Three longtime employees of Abigail Kawananakoa are attempting to step into the legal dispute involving the $215 million fortune of the Campbell Estate heiress in an effort to protect their interests as beneficiaries.
Kawananakoa’s former housekeeper, driver/gardener and ranch manager filed an emergency petition this week asking for a postponement of Thursday’s court hearing seeking to remove the trustee.
In a filing by Honolulu attorney Megan Kau, Thongbay Smart, Mark Smart and Wayne Shizuru argue that as beneficiaries of the trust, Hawaii law entitles them to notice of any petition that could affect their rights under the trust.
But so far they’ve been left out of the proceeding, the petition says, having received no notices of court petitions or copies of any pleadings as required by Hawaii probate rules.
The former employees argue in the filing that more time is needed to review more than 300 documents submitted in the case, including many that have been hidden under court seal contrary to procedures outlined by the law.
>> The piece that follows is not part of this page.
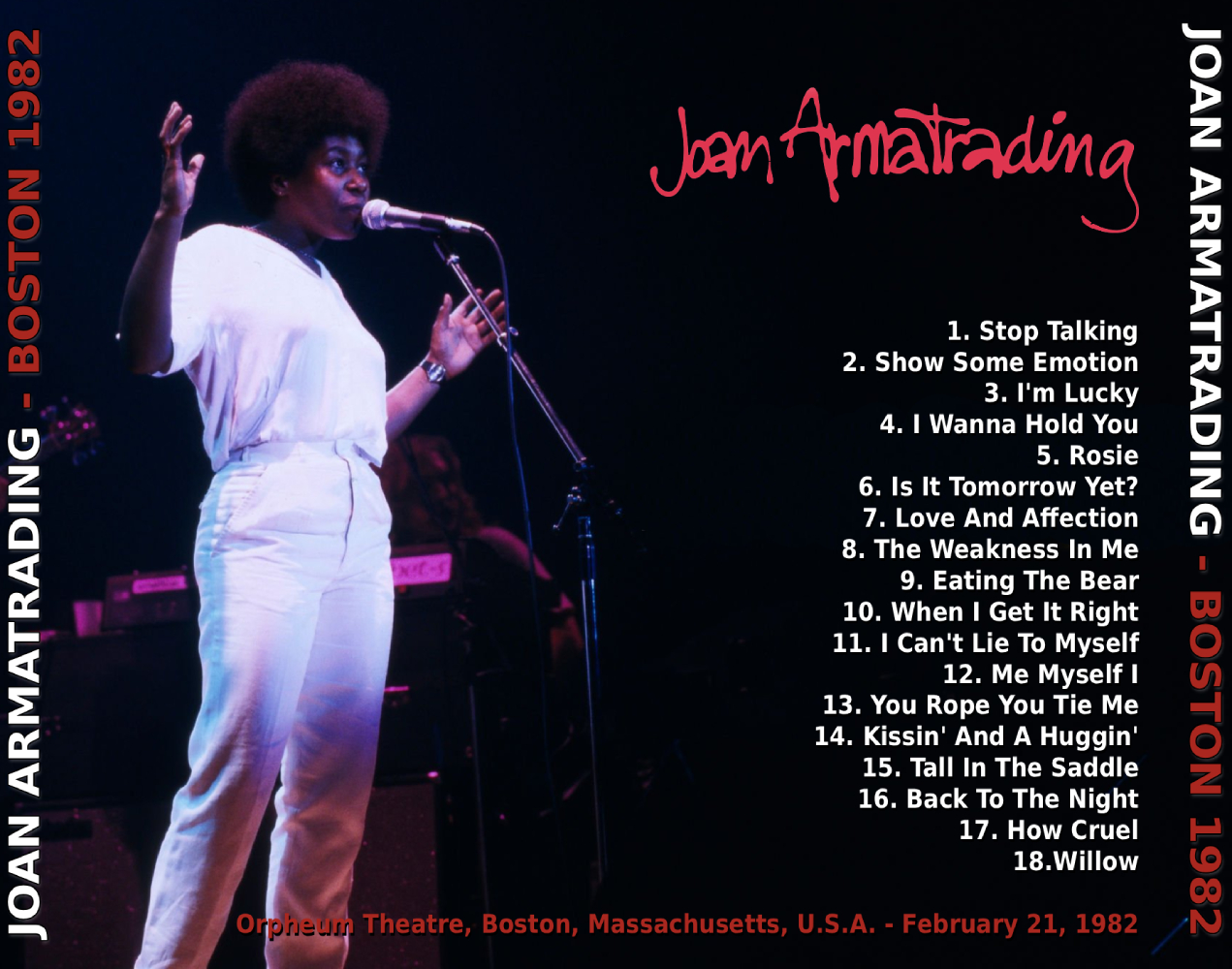 Label : no label Venue : Orpheum Theatre, Boston, Massachusetts, USA Recording Date : February 21, 1982 Length : 86:09 Quality : FM Recording (A+) Review : Excellent FM broadcast recording of Joan Armatrading and band, promoting her 7th album "Walk Under Ladders". Line-up : Joan Armatrading: guitar, vocals. Gary Sanford: lead guitar. Jeremy Meek: bass. Dean Klevatt: keyboards. Justin Hildreth: drums. Julian Diggle: percussion. |

Kau said Friday she doesn’t understand why her clients — named among a handful of remainder beneficiaries in a 2001 amendment to Kawananakoa’s trust — were iced out of the case.
“They’re supposed to be given notice,” she said.
The court fight over Kawananakoa’s estate began after the heiress suffered a stroke one year ago and her then-attorney James Wright petitioned the court to become trustee in a move that was spelled out in a successorship plan previously set up by the heiress in case she became incapacitated.
However, Veronica Gail Worth, Kawananakoa’s life partner of more than 20 years and now wife, challenged the declaration, insisting that Kawananakoa, 92, is capable of handling her own affairs. Worth is seeking to return control of the trust to Kawananakoa.
A special master appointed by Circuit Judge R. Mark Browning to investigate the heiress’s mental health is recommending that Kawananakoa be allowed to change or revoke her trust and remove and replace the trustee, even though a psychiatrist determined she is unable to handle her own financial affairs.
James Kawachika, a Honolulu attorney, also is recommending that Wright be removed as trustee and be replaced by a trio of co-trustees, including Worth.
The filing by Kawananakoa’s former employees comes on the heels of an attempt by agents of the heiress to evict the Smarts’ grown daughters from the Pearl City home that Kawananakoa gave to the Smart family two years ago.
A hearing on the matter is scheduled for June 28 in 1st Circuit Court.
Kau said the fact that Kawananakoa is now attempting to take back the home she gave to the Smart family just a few years ago underscores the need to step into the trust battle to protect the Smarts’ and Shizuru’s interests in the trust.
Thongbay Smart worked 24 hours a day, seven days a week as a maid and cook for Kawananakoa for 32 years, while Mark Smart worked as her driver and gardener for 19 years. Shizuru, described as Kawananakoa’s hanai son, was ranch manager.
According to a court document, Kawananakoa told Thongbay Smart in 2015 that if she promised to stay in Hawaii and not move to the mainland, Kawananakoa would buy her and her family a home so that they could live here for the rest of their lives.
Relying on Kawananakoa’s promise, the family spent about $25,000 remodeling the home bought for them, the document said, and Kawananakoa even showed up in Pearl City with maile lei in hand to congratulate them on their new home.
“To their surprise, on May 7, 2018, an alleged managing agent filed herein a Complaint of Ejectment against (Smart daughters) Samantha (Michel) and Ashley (Thairathom). It does not seem like Kawananakoa herself authorized this complaint since she has been deemed by the probate court to be incompetent,” the document said.
Thongbay Smart and her daughters told Hawaii News Now two weeks ago that Kawananakoa and Worth were retaliating against them because they spoke candidly with a Probate Court-appointed psychiatrist and the special master in the trust fight.
Kau said fighting for her clients’ interests in the Kawananakoa trust is important, but there’s an even greater concern: protecting the $100 million or so that was set aside for the Abigail K.K. Kawananakoa Foundation, a charity that aims to underwrite Native Hawaiian causes following her death.
The foundation, as envisioned in its articles of corporation, will work to perpetuate Hawaiian culture, fund educational programs and scholarships, and provide financial support for medical treatment and health care, among other things.
“If a new trustee were to change the terms of the trust and delete the foundation, the state of Hawaii and Hawaiians will lose out,” she said.
Kau said she wants to see the dozens of public filings in the Kawananakoa trust case that have been put under seal by the court even though the Hawaii Supreme Court put restrictions on that practice in a case known as Oahu Publications Inc. v. Takase.
Honolulu media attorney Jeffrey Portnoy said he’s seen a number of examples of judges lately ignoring the guidelines set out in that ruling.
The guidelines, he said, include holding a hearing for each filing to determine what can be sealed, if anything — and that includes any redactions, which must be narrowly tailored to remove from public view only the personal information eligible for sealing.
The guidelines also call for giving the media notice for each hearing, Portnoy said.